▸ **PROVIDED MATERIAL**:
========

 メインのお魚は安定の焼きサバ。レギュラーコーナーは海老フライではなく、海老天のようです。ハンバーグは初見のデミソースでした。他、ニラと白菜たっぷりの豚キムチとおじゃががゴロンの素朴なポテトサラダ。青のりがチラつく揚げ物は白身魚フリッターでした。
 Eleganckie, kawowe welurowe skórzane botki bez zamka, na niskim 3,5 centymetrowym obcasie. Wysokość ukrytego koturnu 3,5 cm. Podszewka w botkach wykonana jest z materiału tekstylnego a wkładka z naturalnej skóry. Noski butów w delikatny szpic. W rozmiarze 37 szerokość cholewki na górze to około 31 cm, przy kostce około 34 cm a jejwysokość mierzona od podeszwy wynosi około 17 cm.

========

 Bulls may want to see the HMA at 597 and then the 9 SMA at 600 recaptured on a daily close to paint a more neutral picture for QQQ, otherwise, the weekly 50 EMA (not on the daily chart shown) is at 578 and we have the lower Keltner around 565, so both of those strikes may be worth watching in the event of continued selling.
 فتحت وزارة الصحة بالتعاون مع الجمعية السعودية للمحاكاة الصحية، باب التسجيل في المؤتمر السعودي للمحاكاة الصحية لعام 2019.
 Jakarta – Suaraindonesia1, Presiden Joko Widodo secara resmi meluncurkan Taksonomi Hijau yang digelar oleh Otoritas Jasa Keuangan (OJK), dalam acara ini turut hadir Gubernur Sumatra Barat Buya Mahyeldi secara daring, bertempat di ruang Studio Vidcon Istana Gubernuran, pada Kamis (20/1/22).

========

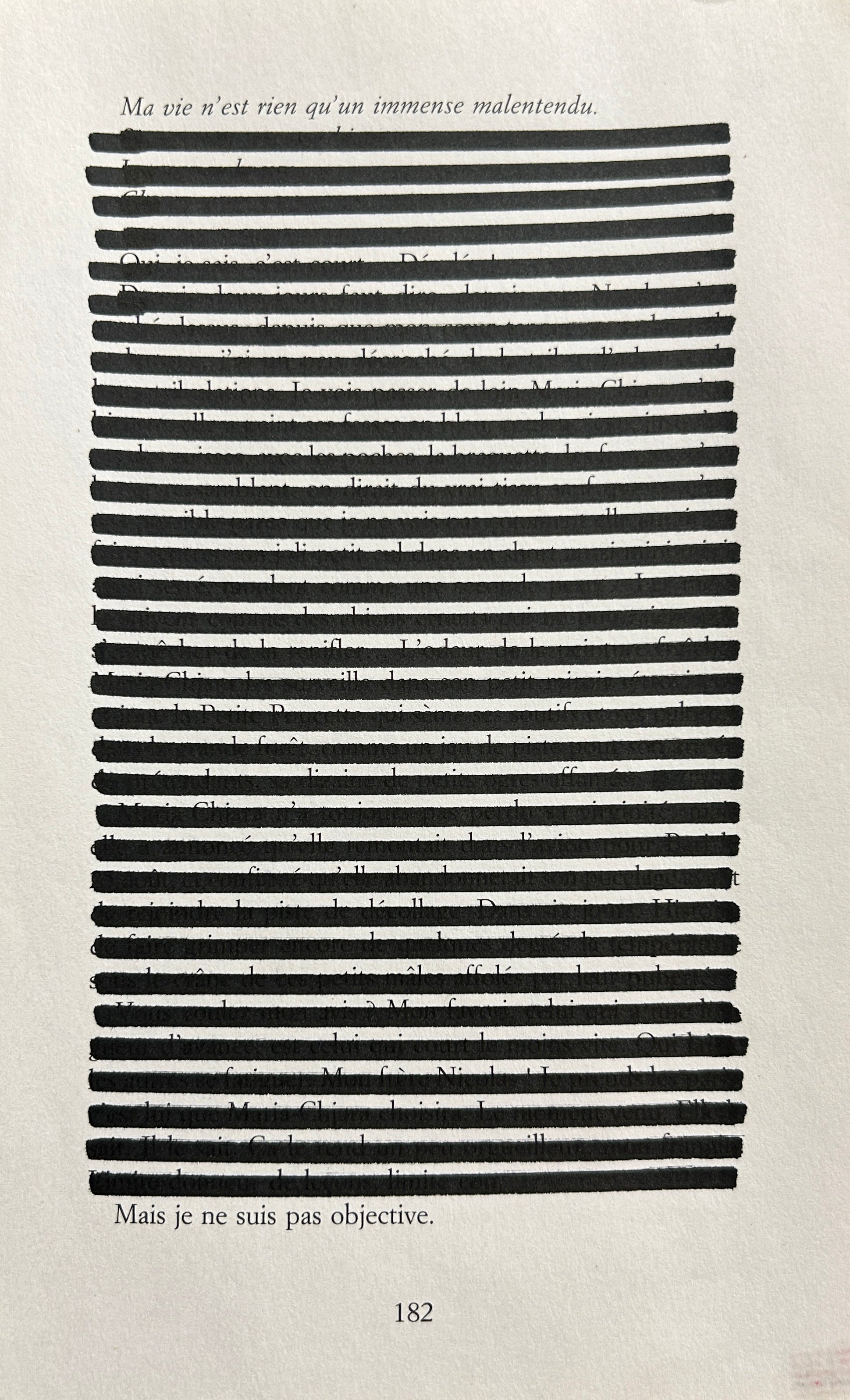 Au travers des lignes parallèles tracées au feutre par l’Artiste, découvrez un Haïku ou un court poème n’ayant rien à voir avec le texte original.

========

Would you print exactly and only the lines of the material above that run from the line with "Bulls may want" through the line with "فتحت وزارة الصحة", both included?

▸ **YOUR RESPONSE**:
 Bulls may want to see the HMA at 597 and then the 9 SMA at 600 recaptured on a daily close to paint a more neutral picture for QQQ, otherwise, the weekly 50 EMA (not on the daily chart shown) is at 578 and we have the lower Keltner around 565, so both of those strikes may be worth watching in the event of continued selling.
 فتحت وزارة الصحة بالتعاون مع الجمعية السعودية للمحاكاة الصحية، باب التسجيل في المؤتمر السعودي للمحاكاة الصحية لعام 2019.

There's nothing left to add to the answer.